Record extracts

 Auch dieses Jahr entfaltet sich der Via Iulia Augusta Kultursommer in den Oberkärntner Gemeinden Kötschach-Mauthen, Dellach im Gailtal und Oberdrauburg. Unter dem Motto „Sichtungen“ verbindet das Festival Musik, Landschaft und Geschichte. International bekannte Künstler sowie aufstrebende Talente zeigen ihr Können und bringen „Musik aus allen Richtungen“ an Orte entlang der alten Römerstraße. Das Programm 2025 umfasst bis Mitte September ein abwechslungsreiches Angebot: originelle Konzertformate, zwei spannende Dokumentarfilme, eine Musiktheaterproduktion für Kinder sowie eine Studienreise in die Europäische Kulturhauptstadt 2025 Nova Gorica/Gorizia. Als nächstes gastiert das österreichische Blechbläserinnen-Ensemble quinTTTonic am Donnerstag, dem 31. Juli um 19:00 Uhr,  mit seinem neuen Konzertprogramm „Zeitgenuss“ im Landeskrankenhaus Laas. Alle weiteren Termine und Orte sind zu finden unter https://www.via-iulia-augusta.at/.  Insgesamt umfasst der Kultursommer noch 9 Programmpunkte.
...
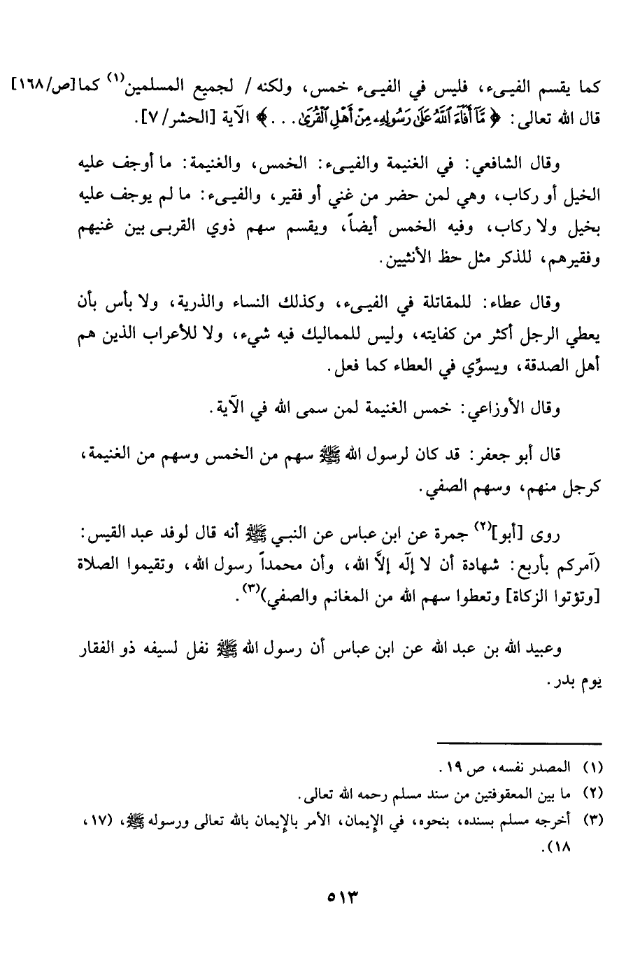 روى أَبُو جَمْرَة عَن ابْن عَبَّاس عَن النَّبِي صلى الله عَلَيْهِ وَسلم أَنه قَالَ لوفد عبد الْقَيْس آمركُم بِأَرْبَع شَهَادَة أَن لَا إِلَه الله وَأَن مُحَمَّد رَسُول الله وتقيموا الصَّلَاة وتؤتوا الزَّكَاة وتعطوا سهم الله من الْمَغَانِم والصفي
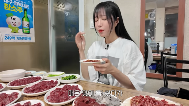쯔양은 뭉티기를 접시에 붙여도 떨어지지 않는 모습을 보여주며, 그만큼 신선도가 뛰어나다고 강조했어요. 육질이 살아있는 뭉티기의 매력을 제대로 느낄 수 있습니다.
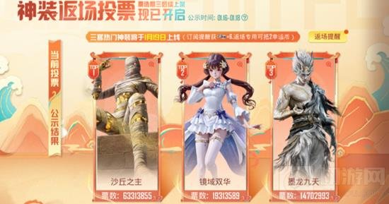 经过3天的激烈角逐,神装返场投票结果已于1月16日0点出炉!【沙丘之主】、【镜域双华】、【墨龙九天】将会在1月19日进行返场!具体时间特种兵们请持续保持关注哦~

Task to carry out
Each line above that falls between the line with "쯔양은 뭉티기를 접시에" and the line with "经过3天的激烈角逐,神装返场" should be printed exactly, together with those two lines, but the pictures should not.

Result for this task
쯔양은 뭉티기를 접시에 붙여도 떨어지지 않는 모습을 보여주며, 그만큼 신선도가 뛰어나다고 강조했어요. 육질이 살아있는 뭉티기의 매력을 제대로 느낄 수 있습니다.
 经过3天的激烈角逐,神装返场投票结果已于1月16日0点出炉!【沙丘之主】、【镜域双华】、【墨龙九天】将会在1月19日进行返场!具体时间特种兵们请持续保持关注哦~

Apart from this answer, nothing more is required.